HUSS, No. 305. Petitioners were members of a partnership ("Huss") engaged in the business of strip mining coal. Philadelphia and Reading Coal & Iron Co. ("Reading") owned anthracite coal-bearing lands in Schuylkill County, Pennsylvania. Much of the coal was so located that it could be removed by strip mining. In 1944 Reading and Huss entered into a written contract 3 under which Huss undertook to strip mine the coal from such areas, within a generally described tract of Reading's land, as might be designated by Reading and that was not lying deeper than a prescribed distance from the surface. Huss was to furnish at its own expense all of the equipment, facilities and labor necessary to mine and deliver the coal to Reading's colliery. For each ton of coal so mined and delivered Reading was to pay Huss a stated sum. 4 That sum was agreed to be in "full compensation for the full performance of all work and for the furnishing of all material, labor, power, tools, machinery, implements and equipment required for the work." Huss was not authorized to keep or sell any of the coal. The contract was expressly terminable by Reading at any time upon 30 days' written notice "without specifying any reason therefor" and without liability for "any loss of anticipated profits or any other damages whatever." This right of termination was not exercised. Operations continued under the contract until July 1947, by which time [359 U.S. 215, 219] Huss had mined most of the strippable coal on the lands covered by the contract that lay within the stipulated distance from the surface, and the contract was then canceled by mutual agreement. Huss' investment in equipment used in the work ran from a low in 1944 of $100,000 to a high in 1947 of $500,000. All of the equipment was movable and usable elsewhere in strip mining and some of it was usable for other purposes.

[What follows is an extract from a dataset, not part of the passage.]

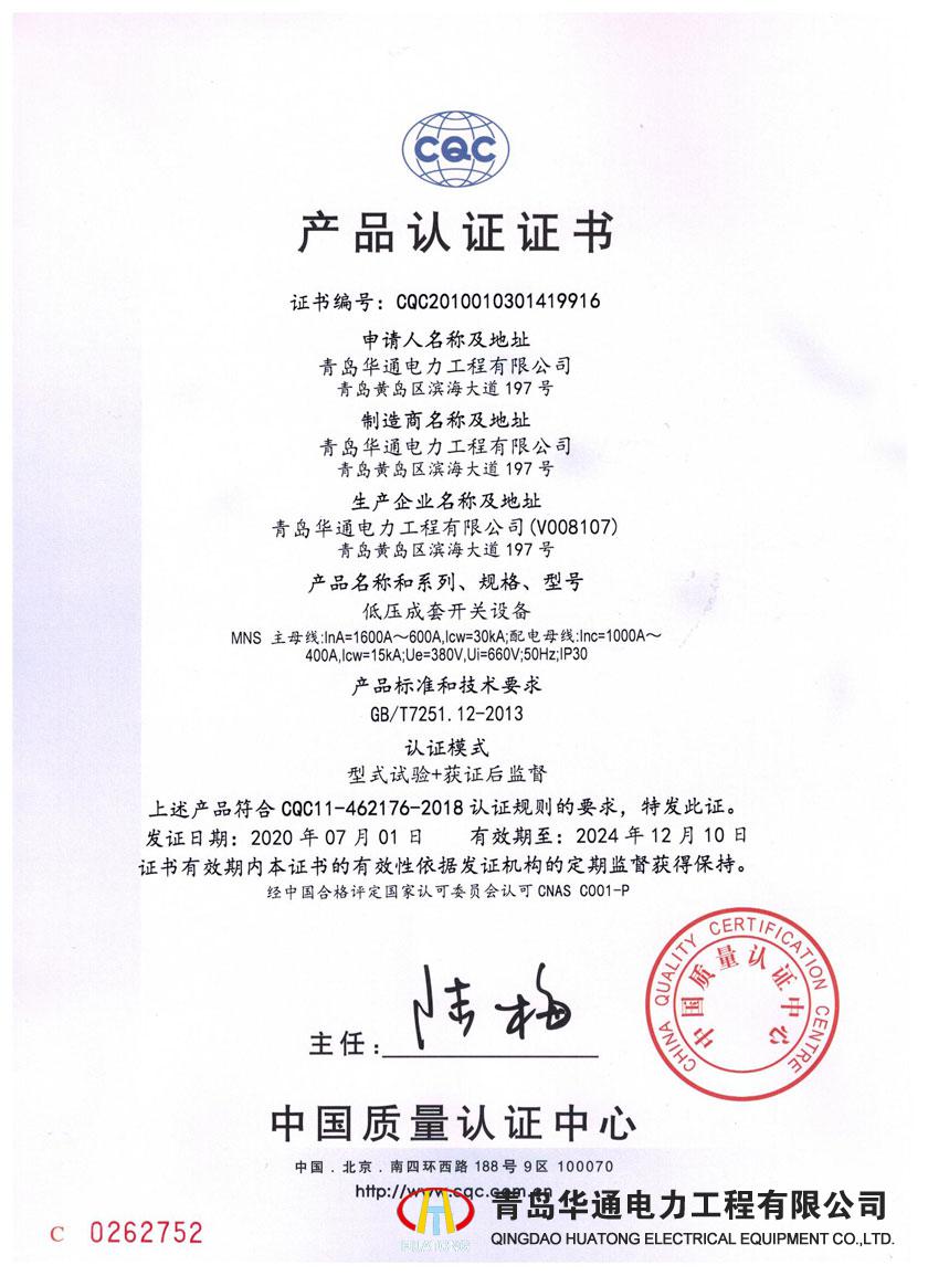 MNS產品認證證書

Whether a deduction from gross income shall be permitted for depletion of mineral deposits, or any interest therein, is entirely a matter of grace. 5 We therefore must look, first, to the provisions and purposes of the statutes and to the decisions construing them to see what interests are permitted a deduction for depletion, and, next, to the contracts involved to see whether they gave to petitioners such an interest.
The applicable statutes are 23 (m) and 114 (b) (4) (A) of the Internal Revenue Code of 1939, 26 U.S.C. (1952 ed.) 23 (m) and 26 U.S.C. (1946 ed.) 114 (b) (4) (A). Section 23 (m) directs that a reasonable allowance for depletion shall be made "in the case of mines, . . . according to the peculiar conditions in each case; such reasonable allowance in all cases to be made under rules and regulations to be prescribed by the Commissioner, with the approval of the Secretary," and that "[i]n the case of leases the deductions shall be equitably apportioned between the lessor and lessee." And 114 (b) (4) (A) provides that the allowance shall be, "in the case of coal mines, 5 percentum . . . of the gross income from [mining] 6 the property during the taxable year, excluding [359 U.S. 215, 220] . . . any rents or royalties paid or incurred by the taxpayer in respect of the property."
The purpose of the deduction for depletion is plain and has been many times declared by this Court. "It is permitted in recognition of the fact that the mineral deposits are wasting assets and is intended as compensation to the owner for the part used up in production." Helvering v. Bankline Oil Co., 303 U.S. 362, 366 . And see United States v. Ludey, 274 U.S. 295, 302 ; Helvering v. Elbe Oil Land Development Co., 303 U.S. 372, 375 ; Anderson v. Helvering, 310 U.S. 404, 408 ; Kirby Petroleum Co. v. Commissioner, 326 U.S. 599, 603 . "[The depletion] exclusion is designed to permit a recoupment of the owner's capital investment in the minerals so that when the minerals are exhausted, the owner's capital is unimpaired." Commissioner v. Southwest Exploration Co., 350 U.S. 308, 312 . Save for its application only to gross income from mineral deposits and standing timber, the purpose of "the deduction for depletion does not differ from the deduction for depreciation." United States v. Ludey, 274 U.S., at 303 . In short, the purpose of the depletion deduction is to permit the owner of a capital interest in mineral in place to make a tax-free recovery of that depleting capital asset.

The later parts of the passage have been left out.